I don’t know if I just hadn’t heard it before, or wasn’t aware of it, but I became conscious of the irritating combination of bagpipes and a rock-style backing track. At first I was trying to discern what the tune was (once you’ve heard ‘Hey Jude’ played by bagpipes there’s no going back, you have to deal with it and move on), but having done that, my attention was consumed by how incessant it was; one tune just morphed into another. Could be the old classic ‘Ye Cannae Shove Yer Granny Aff the Bus’ and straight into ‘No Woman No Cry’. Whoever had compiled this nightmare tape was either on some state-sponsored work programme for the emotionally distraught, or an evil, cackling japester on strong dope. Whatever was the case, my meditation was ruined.

Some while later I happened to be in one of those very-same bagpipe boutiques looking for some little oddity or amusement to buy my niece. A Loch Ness monster gonk or a ‘see-you-jimmy’ Tam O’Shanter perhaps (Russ Abbot has a lot to answer for). I happened to ask a couple of the staff there whether the music drove them mad. They both looked at each other and then back at me and nodded in the affirmative, one said in an accent either Spanish or Italian, ‘yes, very much’.

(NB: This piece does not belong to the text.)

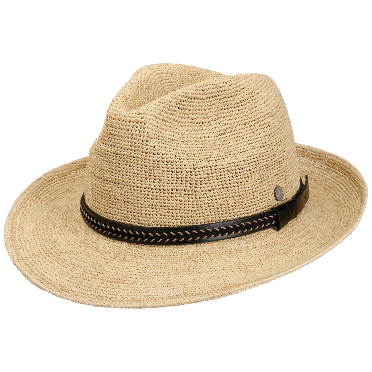 Stilvolle Leichtigkeit im Sonnenschein. Der klassisch inspirierte Bogarthut präsentiert sich mit markanter Fedora-Form und setzt durch das geflochtene Ledergarniturband von Lierys einen modernen Akzent. 100% handgehäkeltes Raffiastroh vereint sommerliche Leichtigkeit mit angenehmer Luftigkeit und sorgt für ein komfortables Tragegefühl – perfekt für Urlaub, City und entspannte Stunden im Grünen. Liebevoll eingearbeitete Details wie das feine Garniturband machen diese Kopfbedeckung zu einem edlen Begleiter. Sorgfältig gefertigt in Italien zeigt er sich als authentischer Strohhut mit Charakter.

These poor people, I thought. Hard enough living in a strange country, but to have to endure this? I could imagine them after a long days shift with no escape from the continuous dirge and drone of bagpipes massacring otherwise pleasant tunes one after another, sitting in a quiet bar together trying to shake the bagpipe induced tinnitus out of their heads, and plotting a way back to the relative sanity of the Mediterranean.